VISISIONSHARE (blog header)_edited

Monday, September 27, 2010

CAN'T SEE THE FOREST FOR THE TREES?

Laughter

It seems that babies don't have this problem.

Via Wired


What Is It Like To Be A Baby?

We all know what attention is. William James said it best:
Attention is the taking possession by the mind, in clear and vivid form, of one out of what seem several simultaneously possible objects or trains of thought. Focalization, concentration, of consciousness are of its essence. It implies withdrawal from some things in order to deal effectively with others, and is a condition which has a real opposite in the confused, dazed, scatterbrained state which in French is called distraction, and Zerstreutheit in German.
James is describing the spotlight model of attention: If the world is a vast stage, then we only notice things that fall within the narrow circle of illumination. Everything outside the spotlight remains invisible. This is because, as James pointed out, the act of attention is intertwined with the act of withdrawal; to concentrate on one thing is to ignore everything else.


And this brings me to my question: How do babies pay attention? What is it like to look at the world like an infant? The question is particularly interesting because the ability to pay attention, focusing that spotlight on a thin slice of the stage, depends on the frontal cortex, that lobe of brain behind the forehead. Alas, the frontal cortex isn’t fully formed until late adolescence – ontogeny recapitulates phylogeny – which means that it’s just beginning to solidify in babies. The end result is that little kids struggle to focus.
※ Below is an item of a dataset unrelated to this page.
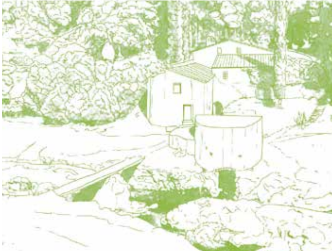
De watermolens van Tramaga. Toen de watermolens onmisbaar waren voor de voedselvoorziening.

Het grootste deel van deze route volgen we de loop van de rivier Sor, door een decor van kurkeiken. We starten op het hoogste punt van het riviergebied. We steken via de voetgangersbrug de rivier over, waarna we de linkeroever volgen, waar we het grootste deel van de route zullen blijven lopen. We lopen met de stroom mee en gaan de stadsbrug over. Daarna volgen we een zandweggetje, dat na enige tijd bij de volgende voetgangersbrug uitkomt, over de rivier van de vallei Bispo. We blijven stroomafwaarts lopen, en komen door meer landelijk gebied, waar goed gebruik wordt gemaakt van de nabijheid van het water. Daarna begint onze route te stijgen. Op deze kleine vlakte lopen we door een woud van kurkeiken, tot aan het begin van het dorp Ervideira, het meest zuidelijke punt van onze route. We dalen weer af en keren terug naar de oever van de rivier Sor, die we nu in tegenovergestelde richting, stroomopwaarts, volgen. Langs de route komen we oude molens tegen, de molens van Tramaga. Met het hydraulische mechaniek van deze molens werd vroeger het graan gemalen tot meel om brood mee te bakken. In dit natuurgebied van de rivier vermengt het geluid van het stromende water zich met het gezang van de vogels. We komen terug bij de brug over de rivier Sor, die we oversteken, en dalen af naar het oeverpark, waar het aangenaam vertoeven is. We lopen weer langs de oever van de rivier en passeren verschillende gebouwen, waarna de route eindigt op het punt waar we begonnen zijn.

This has led the UC-Berkeley developmental psychologist Alison Gopnik – I’m a huge fan of her latest book, The Philosophical Baby – to suggest that babies don’t have a spotlight of attention: They have a lantern. If attention is like a focused beam in adults, then it’s more like a glowing bulb in babies, casting a diffuse radiance across the world. This crucial difference in attention has been demonstrated indirectly in a variety of experiments. For instance, when preschoolers are shown a photograph of someone – let’s call her Jane— looking at a picture, and asked questions about what Jane is paying attention to, the weirdness of their attention becomes clear. Not surprisingly, the kids agree that Jane is thinking about the picture she’s staring at. But they also insist that she’s thinking about the picture frame, and the wall behind the picture, and the chair lurking in her peripheral vision. In other words, they believe that Jane is attending to whatever she can see.


Or consider this memory task designed by John Hagen, a developmental psychologist at the University of Michigan. A child is given a deck of cards and shown two cards at a time. The child is told to remember the card on the right and to ignore the card on the left. Not surprisingly, older children and adults are much better at remembering the cards they were told to focus on, since they’re able to direct their attention. However, young children are often better at remembering the cards on the left, which they were supposed to ignore. The lantern casts its light everywhere.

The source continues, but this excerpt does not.